1IFP Energies nouvelles (IFPEN), Direction Géosciences, 1-4 avenue de Bois-Préau, 92852 Rueil-Malmaison Cedex-France
2UPMC–Université Pierre et Marie Curie, Institut des Sciences de la Terre Paris, UMR 7193 UPMC-CNRS, 4 place Jussieu, 75005 Paris-France.
Unconventional resources such as tight, fractured and hybrid shale gas and oil plays as well as oil or kerogen shale systems, are considered exploitable self-contained source and reservoir rocks. A better understanding of the thermal cracking of sedimentary organic matter, hydrocarbons generation, expulsion, storage and retention mechanisms constitutes a key point, estimating the oil and gas in-place, free or adsorbed, for their exploration and exploitation. Herein, we introduce a new “ready to use” method of analysis and interpretation for the Rock-Eval 6 device for better assessment of free or sorbed hydrocarbons in unconventional shale plays. This method was developed at IFP Energies nouvelles (France) and was tested on 15 actual or potential unconventional shale samples from Silurian Shale (Algeria), Mississippian Barnett Shale (USA), Early Jurassic Shale (France), Late Jurassic Bazhenov Shale (Russia) and Eocene Green River Shale at different thermal maturity stages. Results indicate a better quantiﬁcation of free and/or sorbed hydrocarbons (Sh0 and Sh1 peaks) as well as a more accurate determination of the Rock-Eval Tmax maturity parameter.

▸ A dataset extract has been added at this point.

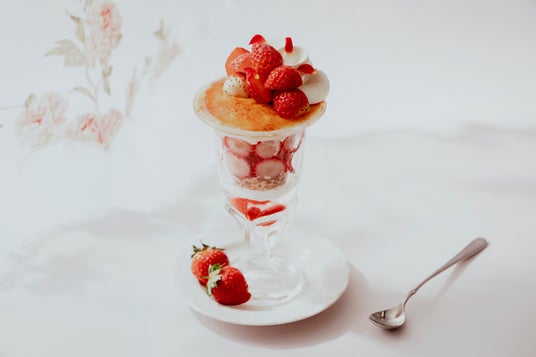ラアイス、苺、苺ゼリー、パイクラム、クリームとスポ
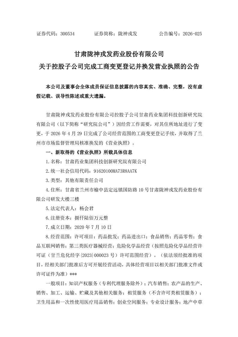 关于控股子公司完成工商变更登记并换发营业执照的公告

Over the last 30 years, the Rock-Eval pyrolysis has been widely used to identify organic matter occurrence, type and thermal maturity level. This technique has been also used to quantify the Total Organic Carbon (TOC) content as well as the mineral carbon content of both reservoir and source rocks (Espitalié et al., 1986; Lafargue et al., 1998; Behar et al., 2001). The Rock-Eval 6 device is equipped with two ovens for pyrolysis and combustion processes, respectively. The hydrocarbons generated during a Rock-Eval analysis are monitored by a Flame Ionization Detector (FID) whereas the non-hydrocarbons compounds like CO2 and CO released during pyrolysis and oxidation stages are monitored by an infra-red detector (Behar et al., 2001). This pioneering device, thanks to the built-in “Basic/Bulk-Rock” and “Pure Organic Matter” methods, provides relevant parameters to respectively characterize any source rocks and isolated kerogens, in a petroleum system perspective. Applied to exploration purposes, the S2 peak, which is assigned to the hydrocarbon residual potential, is the main focus of these methods. It is widely accepted that the quantity of hydrocarbons released beyond 300°C is associated to the thermal cracking of the organic matter (kerogen) and is then refereed as the pyrolysis stage from Rock-Eval analyses. During this pyrolysis stage, hydrocarbons detected between 300° and 650°C or 300° and 800°C, according to user choice, correspond to the S2 peak surface from typical “Basic/Bulk-Rock” and “Pure Organic Matter” analyses.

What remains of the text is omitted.